During the four months I spent in Moscow, I lived in sector "E" of the students' dorm in the main building of Moscow State University. It is quite a fascinating building - The enormous size and the perfect symmetry make it very easy to get lost in. (Something I spent a lot of time doing during my first days there ...)

In this vast building, 240 meters and 36 storeys high, the largest of the Stalinist skyscrapers, you could basically live all your life without ever going outside it. There are all kinds of stores, cafés and repair shops, a bank, a gigantic library,  used-book-stores, a cinema and a post office, which can serve any need  that could suddenly appear to one. There are even rumours that there is a swimming pool somewhere in the basement ...

Like all universtities built in the 50's, its structure resembles that of a fortress. A complicated system of guards and дежурные (the 'ladies (sometimes gentlemen) behind the desks') can sometimes make one feel like a prisoner. Especially in the mornings, when the kitchens, as well as the lift and the doors to the staircase are locked until seven o'clock, the дежурная is snoring on the sofa, you are hungry and in a hurry to get some time in an internet café before your classes, and either don't dare to wake her up, or feel sorry for her, since she works 24 hours every other day.

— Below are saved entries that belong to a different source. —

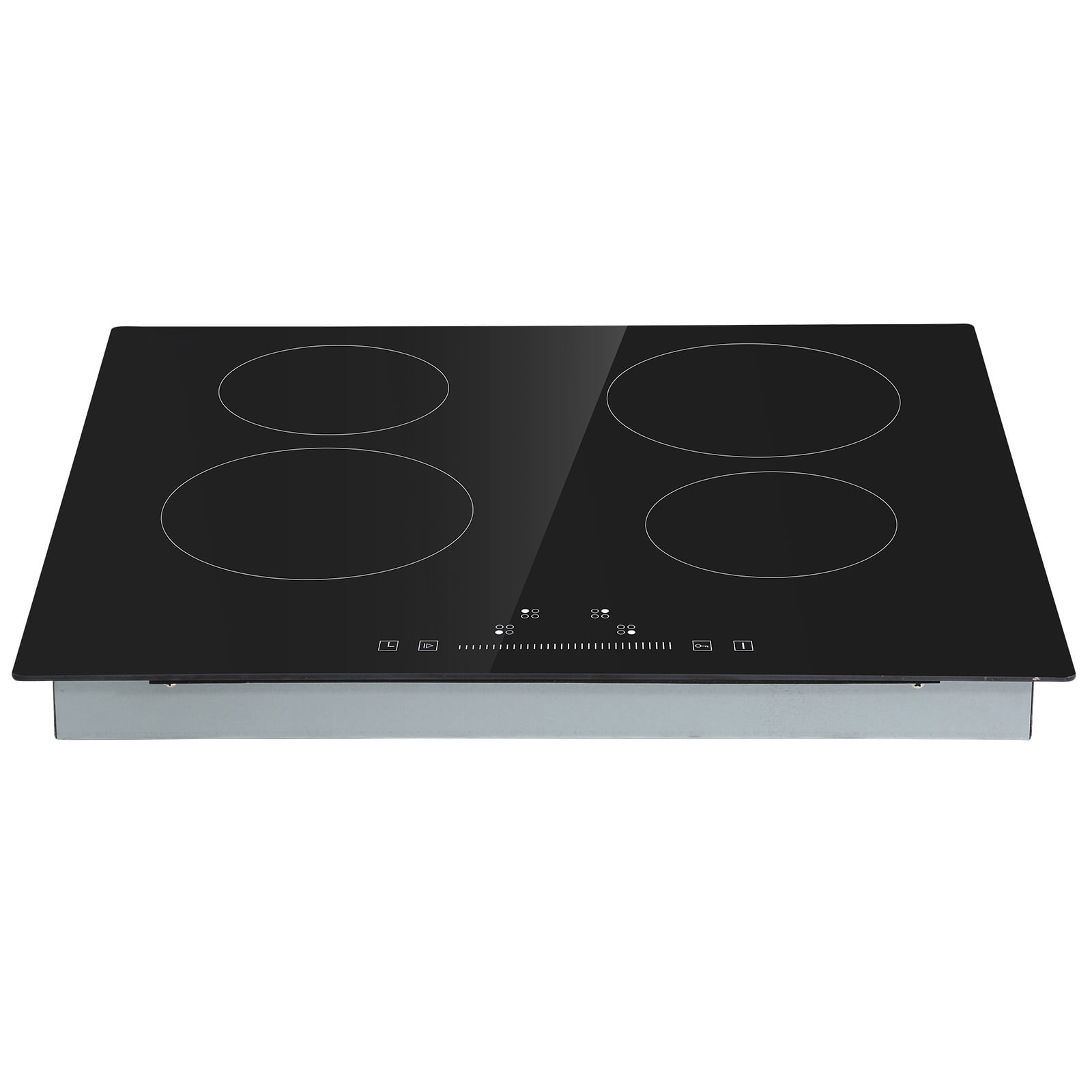 Separate Cooking Zones: This cooktop is your best choice for a high-quality cooking experience.Our ceramic cooktop features 4 independent cooking zones with a total power of 6000W. The surface of our radiant cooktop is made of glass, ensuring that it is heat-proof and easy to clean. Besides, the body has excellent heat dissipation and is sturdy & durable for long-term usage. Digital Sensor Touch Controls: Our built-in electric stovetop has 9 heating power levels. This sensor touch control panel is ideal for achieving accurate cooking effects.With a temperature control, it allows you to precisely switch into different levels from boil to simmer. In addition, the 1-99min timer is equipped, making cooking easy and enjoyable. Set the power and timer and let the cooktop do the rest. is free for you to use any cookware with this electric radiant cooktop, such as aluminum pans, copper pans, cast iron frying pans, and non-magnetic stainless steel pans. Multiple guarantee functions: Children’s security lock avoids accidental contact, and overheating protection and automatic shutdown functions make you avoid accidents. Without high -frequency radiation, you can use it confidently. In addition, when the high temperature is kept on the ground, the remaining heat reminder will indicate that you avoid burn in the process of cleaning. After turning off the cooking utensils, the fan needs to work for a while to cool. Built-in Design: Suitable for voltages of 220-240V, 50/60Hz.With the 23.2×25.6-inch cutout size, this 23.2×20.5 inch cooktop adopts a built-in design, convenient for you to install and saves your kitchen space.
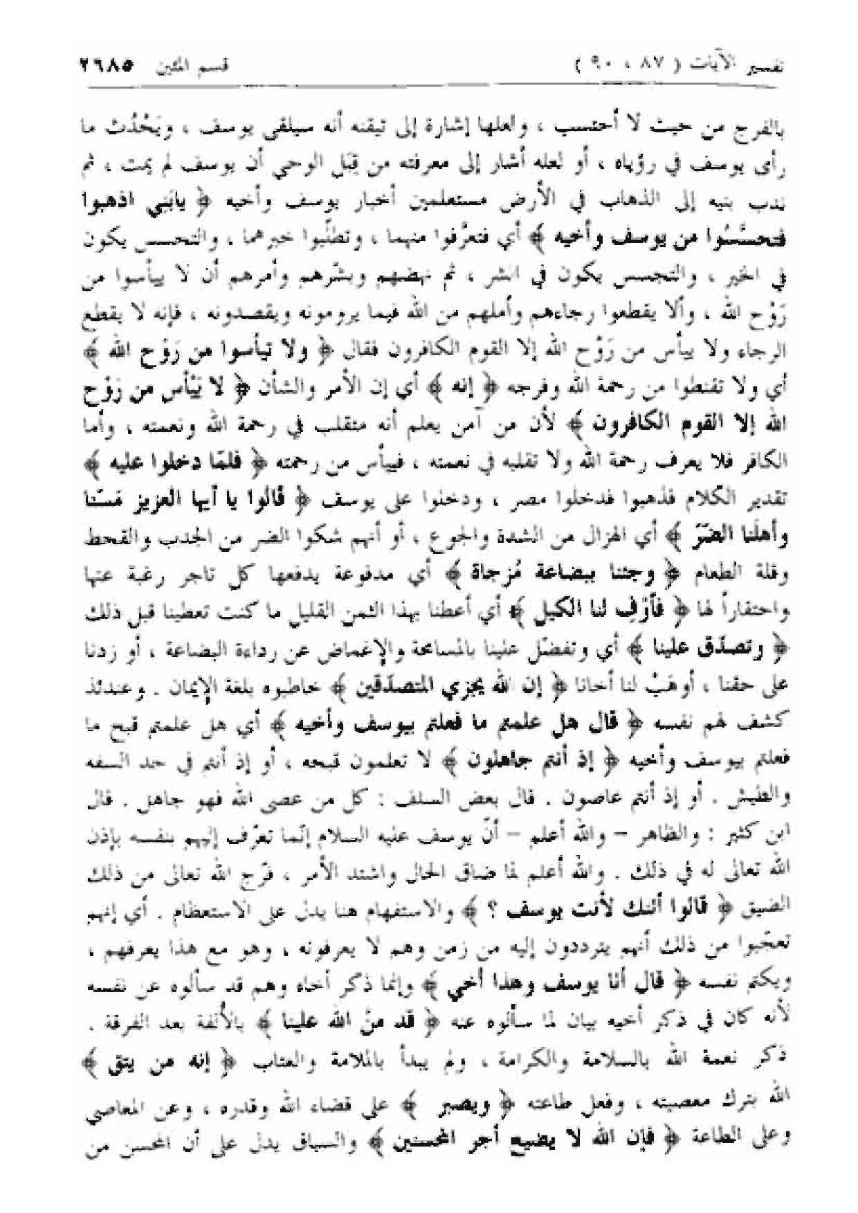 ثم ندب بنيه إلى الذهاب في الأرض مستعلمين أخبار يوسف وأخيه يا بَنِيَّ اذْهَبُوا فَتَحَسَّسُوا مِنْ يُوسُفَ وَأَخِيهِ أي فتعرفوا منهما، وتطلبوا خبرهما، والتحسس يكون في الخير، والتجسس يكون في الشر، ثم نهضهم وبشرهم وأمرهم أن لا ييأسوا من روح الله، وألا يقطعوا رجاءهم وأملهم من الله فيما يرومونه ويقصدونه، فإنه لا يقطع الرجاء ولا ييأس من روح الله إلا القوم الكافرون فقال وَلا تَيْأَسُوا مِنْ رَوْحِ اللَّهِ أي ولا تقنطوا من رحمة الله وفرجه إِنَّهُ أي إن الأمر والشأن لا يَيْأَسُ مِنْ رَوْحِ اللَّهِ إِلَّا الْقَوْمُ الْكافِرُونَ لأن من آمن يعلم أنه متقلب في رحمة الله ونعمته، وأما الكافر فلا يعرف رحمة الله ولا تقلبه في نعمته، فييأس من رحمته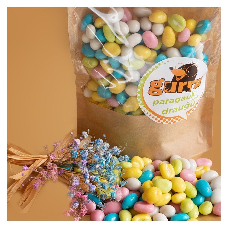 Skrudinti žemės riešutai traškiame spalvingame glaiste. Smaližiaukite kaip desertą arba puoškite kepinius.
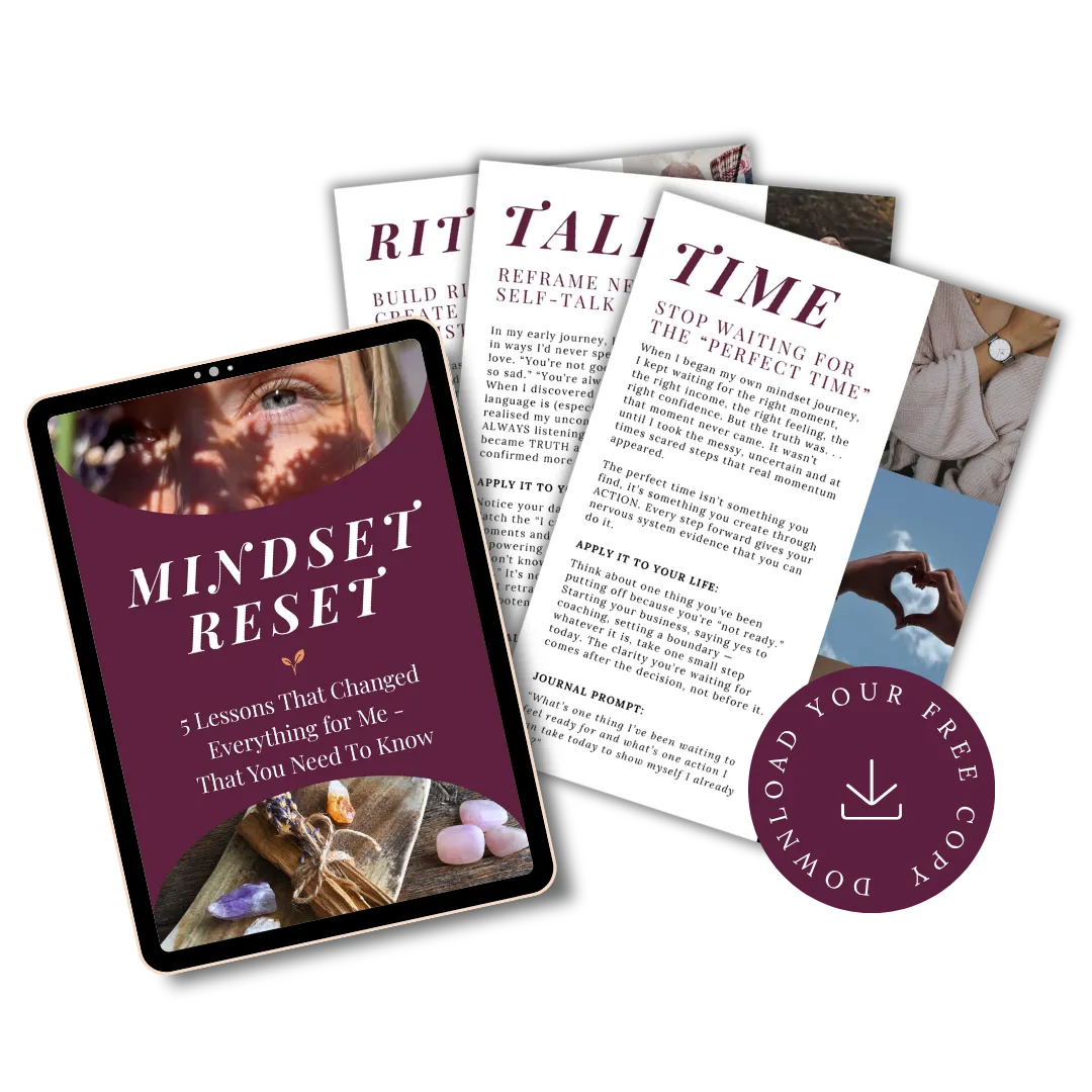 The Mind Cheat Sheet is your pocket-sized guide to instant mindset shifts. Inside, you’ll find quick, actionable exercises you can use ANYTIME. — whether you have one minute between meetings or an hour to reset and refocus.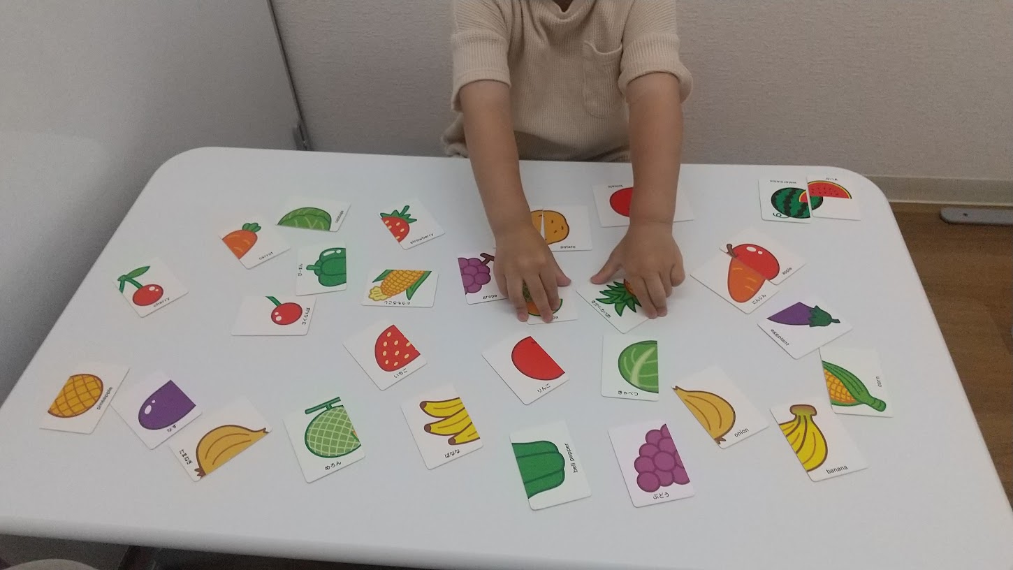 写真の絵合わせカードでは、たべものをテーマにしたカードで、

The head of each of the four wings is made to look like a Greek temple.


It can be this cosy inside one of MSU's about 5000 student rooms ... (Note the window doubling as fridge.)

To perhaps make it all worse, the doors to all staircases are locked all the time, to avoid burglars and boyfriends or girlfriends to sneak inside. In case of fire, the дежурная is supposed to run around and lock up all the doors on the floor in question. What happens if the fire is between the дежурная and the staircase is another story ...

The MSU building was erected in 1949-1953, sprojected (sorry, but I just adore Russian verbs with prefixes ...) by L. Rudnev, s. Chernyshev, P. Abrosimov, A. Hryakov and V. Nasonov.

There are 68 lifts in the whole main building (only very few of them were used by myself ...). On the side walls of the middle part, there are clocks, thermometers and barometers. Particularly the clocks (which glow in the dark, as does the whole building) are very handy for the 

 late-night-hang-
around-with-russian-
boyfriend-student, as you can always find out whether it is 12 o'clock yet (in which case you must climb the stairs all the way up to the 7th floor, as the lift has been closed for the night).

The hands on one of the clocks can be seen glowing eerily yellow on the MSU building, looming behind the little Podmoscovite posing in the front.

Picture from the official MSU fan page: http://www.msu.ru/tour/index.html
An overview of the vast MSU complex, with Moscow spreading out behind it.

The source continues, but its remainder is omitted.